So here is my problem. Say my website is http://example.com and my navigation is pretty straight forward, meaning if you click the 'press' page link you will go to http://example.com/press or http://example.com/press/ which are both fine.

However, if you do happen to go to http://example.com/press/ click another internal link in my nav, such as 'about' etc.. I will not take you to '/example' but rather '/press/example' which shows a 404 since there is not page or directory to handle this.

I tried 'DirectorySlash Off' in my .htaccess but all that did was prevent any of these pages from showing if a url has / at the end.
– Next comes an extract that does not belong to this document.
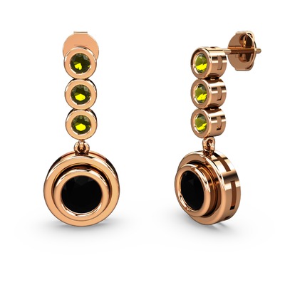 Peridot ve siyah zirkon 925 ayar rose altın kaplama gümüş küpe
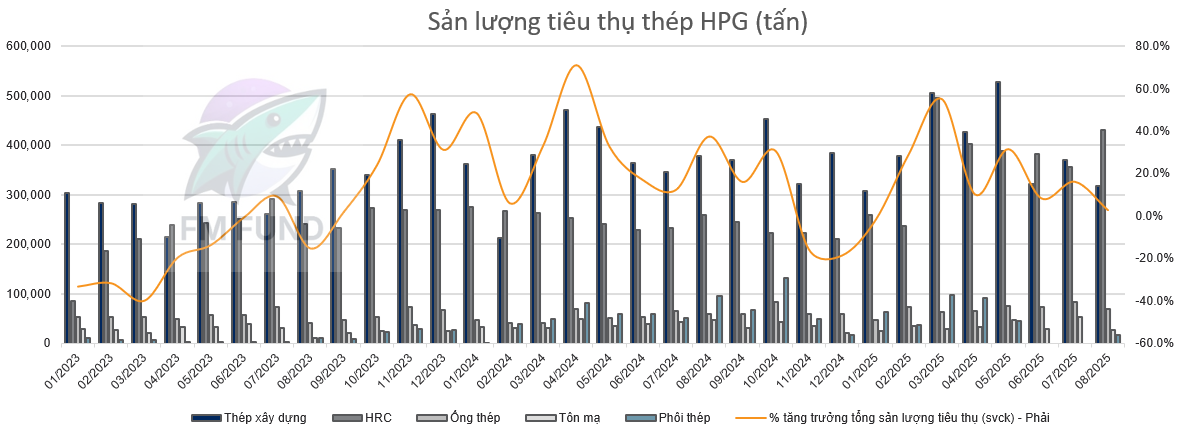 Theo dữ liệu của Hiệp hội Thép Việt Nam (VSA), HPG đã bán hơn 866 nghìn tấn thép trong tháng 8/2025, tăng 3% svck và đi ngang so với tháng trước đó (svtt). Cụ thể từng mặt hàng như sau:

I have a very basic .htaccess setup, See below:

<IfModule mod_rewrite.c>

RewriteEngine On
# Options -Indexes
# GEN CONFIG



# Handle Errors
ErrorDocument 403 /views/errors/404.php
ErrorDocument 404 /views/errors/404.php
ErrorDocument 303 /views/errors/404.php

# Url renamin
RewriteRule ^(about-us|About-Us|ABOUT-US)/?$ views/about-us.php [L]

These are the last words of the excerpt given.